“Maybe,” she said, and looked at her plate. “I haven’t decided yet.”
“That’s fine, it’s better not to have. I was told when I went to college to find out who the great professors were and to take their courses no matter what the subject.”
“I read a book,” Nan said. “I was in the book.”
I made a little book for her, about her saving us from an angry moose. She enjoys these stories of her bravery.
“You are a heroine,” Virgil said, and met my gaze.
CHAPTER 29 Agnes, Leeward Cottage, July 1961
Dear Elspeth,
Summer is in full swing here. I know—not an original remark. I am settling down, settling in.
First of all—Polly is here! Life is a thousand times better being able to see her every day. Yes, we giggle, because we are both happy. Nan is back on her feet and mingling with the other children, always watched over by Robert Circumstance. It’s moving to see the care he takes of her, and how he explains to her that he’ll be back when he has to leave her out. One only has to watch the games to see that he is the one who works out higher systems of play. He also knows about the plants beyond their labels and teaches the children to respect them. His intelligence is palpable. He will go beyond this place, no matter what his mother wants, and I must open the door for him.
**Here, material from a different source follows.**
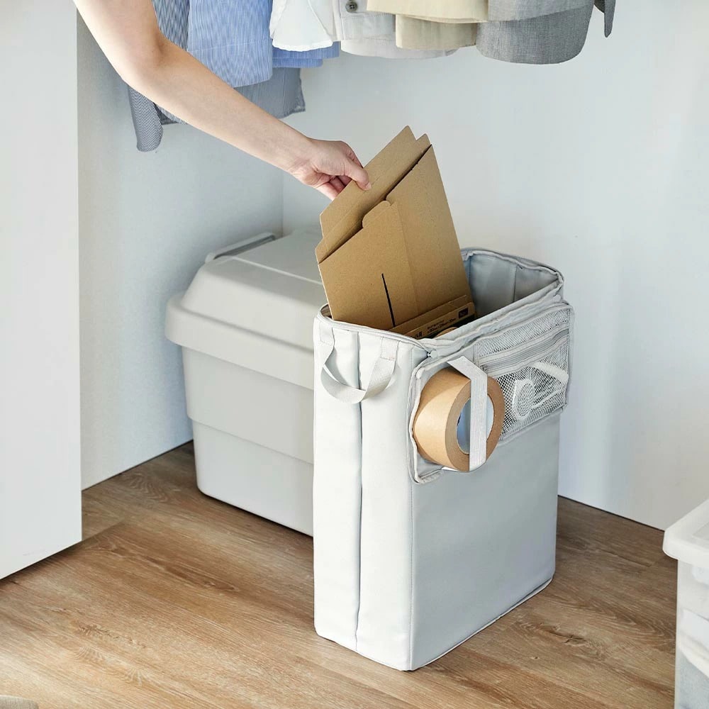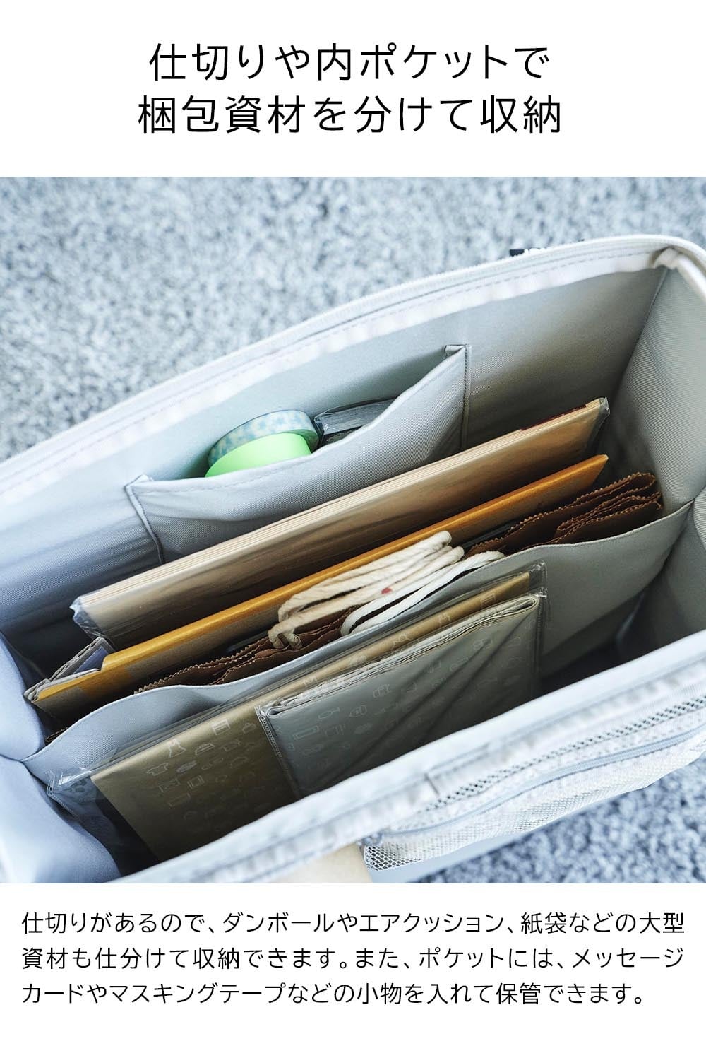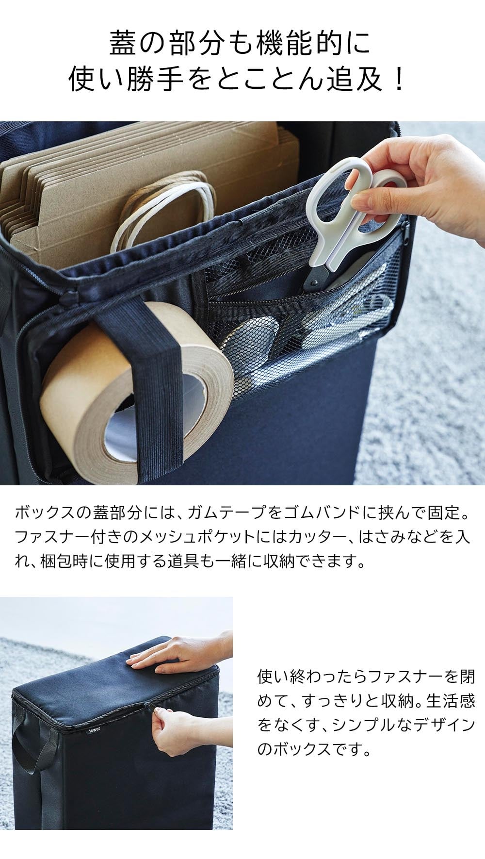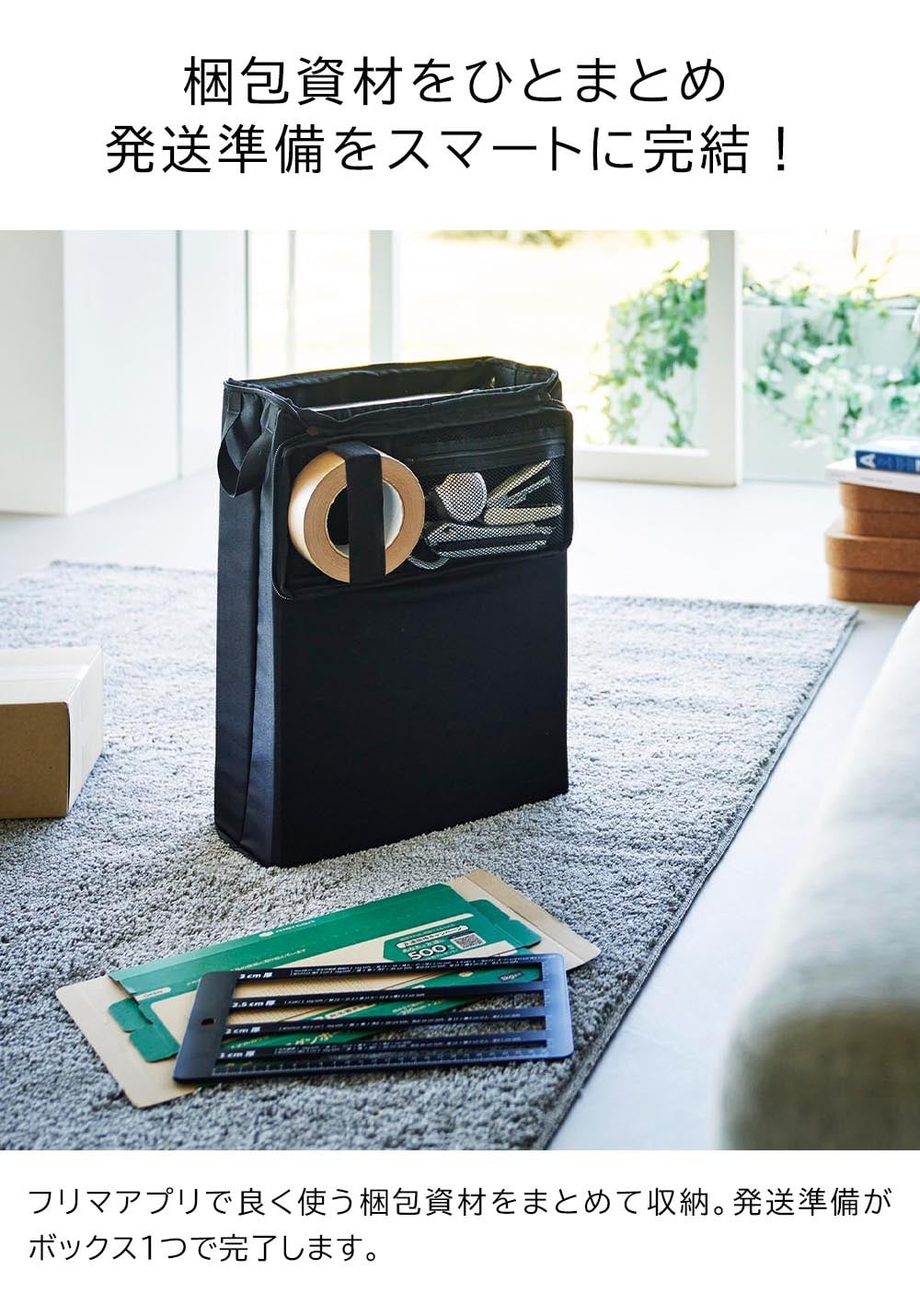 フリマの発送でよく使う梱包資材や梱包道具をまとめて収納できるボックス。 ボックス内に仕切りがあるので、ダンボールやエアクッション、紙袋などの梱包資材を 種類ごとに整理しやすいです。 内ポケットにはメッセージカードやマスキングテープなどの小物を収納できます。 また、蓋の裏面には、ガムテープを挟んで保管できるゴムバンドや、 カッターやハサミなどを収納するのに便利なメッシュポケットがあります。 使い終わったらファスナーを閉め、中身を隠して収納。 シンプルなデザインの収納ボックスなので生活感をなくせます。 持ち運びに便利なハンドルもあり、クローゼットや納戸などのちょっとした隙間に入る 幅15.5cmのスリムサイズのボックスです。
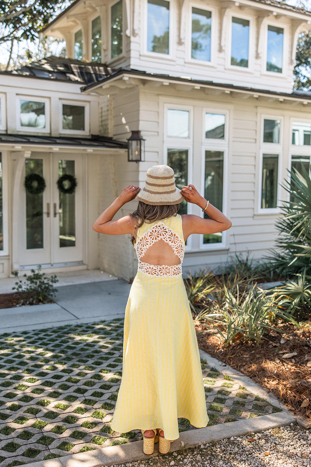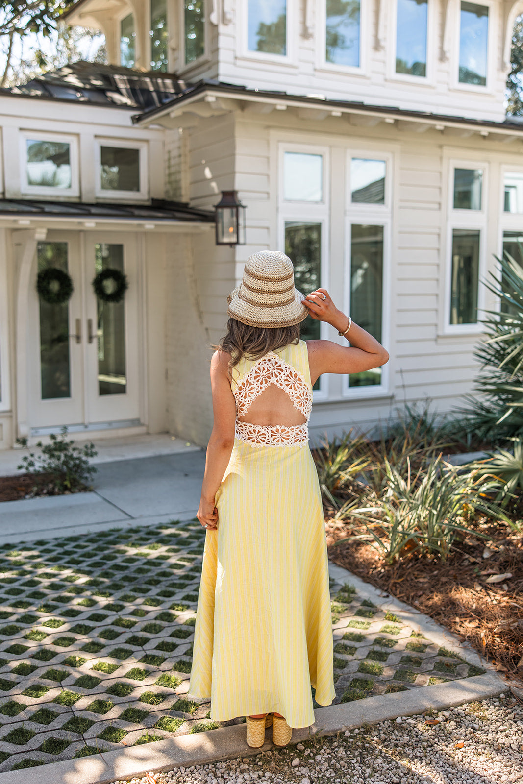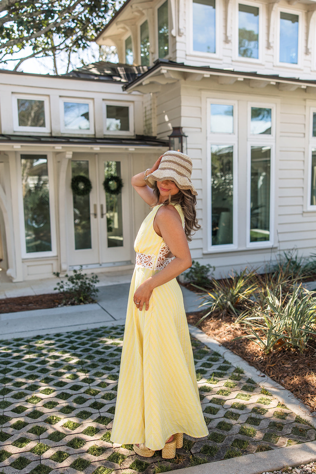 - Yellow stripe maxi dress

Oh, you’re curious about Virgil? No, I don’t mind you asking, not at all! We are together every day, talking about books, especially his, and talking about everything else you can imagine. He is endlessly solicitous toward me, sometimes to the point where I wonder how he sees me. I remind him I am still young by running and being silly. He’s very affectionate, always holding my hand and walking with his arm around me. He kisses me on the lips, but it isn’t a passionate kiss. It hurts to even write that down, but I have to. I have to tell you the truth, Elspeth. It puzzles me, though. He seems, if I may say so, interested. So what is he waiting for?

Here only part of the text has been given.